The words resonate with her to this day: “I know I’m going to die.”

“And I didn’t have anything to say to him,” she said.

Cunningham was an All-Big Ten softball player for four seasons at Northwestern from 1987-90. In 1990, she was the Big Ten batting champion with a .348 average and a first-team academic All-American. She is a member of Northwestern’s Athletic Hall of Fame. I know her through our mentoring work at our alma mater. She is smart and strong and self-assured, one of the best in the world at what she does.

But she had never seen anything like this.

“I felt a tear in my eye, and that’s never happened to me before. All he could see was my eyes because I was covered, so he knew that I knew,” she said. “Several hours later, he was intubated, put on a ventilator, got sent to the ICU, and then about 10 days later, he died.”

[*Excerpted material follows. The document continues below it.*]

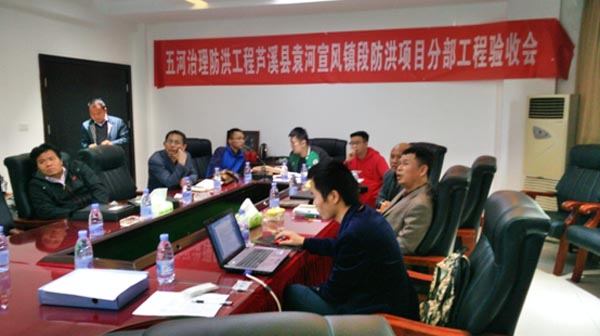 集團(tuán)資訊 2016年10月31日,我公司承建的五河治理防洪工程蘆溪縣袁河宣風(fēng)鎮(zhèn)段防洪項目在蘆溪縣水務(wù)局會議室主持召開了分部工程驗收會議,分部工程驗收工作組由江西省五河治理防洪工程項目部、蘆溪縣五河治理防洪工程項目部、江西省水利規(guī)劃設(shè)計院、江西省建洪工程監(jiān)理咨詢有限公司以及我公司等相關(guān)單位的代表組成。公司工程部郭洪有出席了此次驗收會議。

My pt, who I’ve known 20 yrs, called me for med refill & said he was sick. When I called back he was breathless and confused. I called 911 & knew he had #COVID19. Now hospitalized w/ COVID pneumonia.

No way should US open up @realDonaldTrump. It’s way too early & we need tests!

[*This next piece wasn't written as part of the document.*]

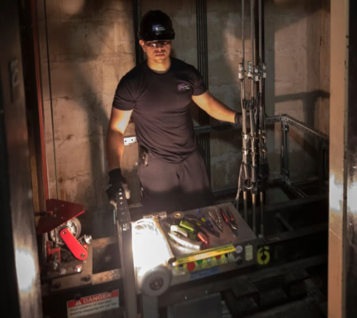 電梯維修人員站在電梯轎廂頂部

A physician for more than 25 years, Cunningham said the doctor-patient relationship that has been the cornerstone of her career has been shaken to its core during the pandemic.

“With COVID, we’re so worried about getting infected, we’re all gowned up in all of this equipment, so there’s a limited time we spend with our patients,” she said. “Such an important relationship with the patient feels like it has eroded. With patients who are really vulnerable and sick, we want to spend more time, but with the virus, it’s just the opposite.”

And so it was with the man in the hospital room. “He’s completely alone,” she said. “His family can’t be there because we have no visitors in the hospital. He’s so scared. There’s this fear. I’ve never seen anybody with that fear in their eyes. I sat with him for a little while but I also knew the room was full of COVID, so we have to be careful to limit our exposure. It’s just terrible.”

I found out about Cunningham’s role on the front lines in New York when I saw a proud retweet from the Northwestern softball team’s Twitter account. That led me to her Twitter feed:

Dr. Chinazo “We need PPE” Cunningham

“I was at the beginning of this, in March, when it was really exploding,” she said. “There was this mismatch between living it on the ground and hearing the messages out there from politicians and even some hospital CEOs.”

She explained: “Typically in the U.S., an N-95 mask, for example, we have them and we would use them for a single patient and we would discard them. That’s what we’ve been doing for decades.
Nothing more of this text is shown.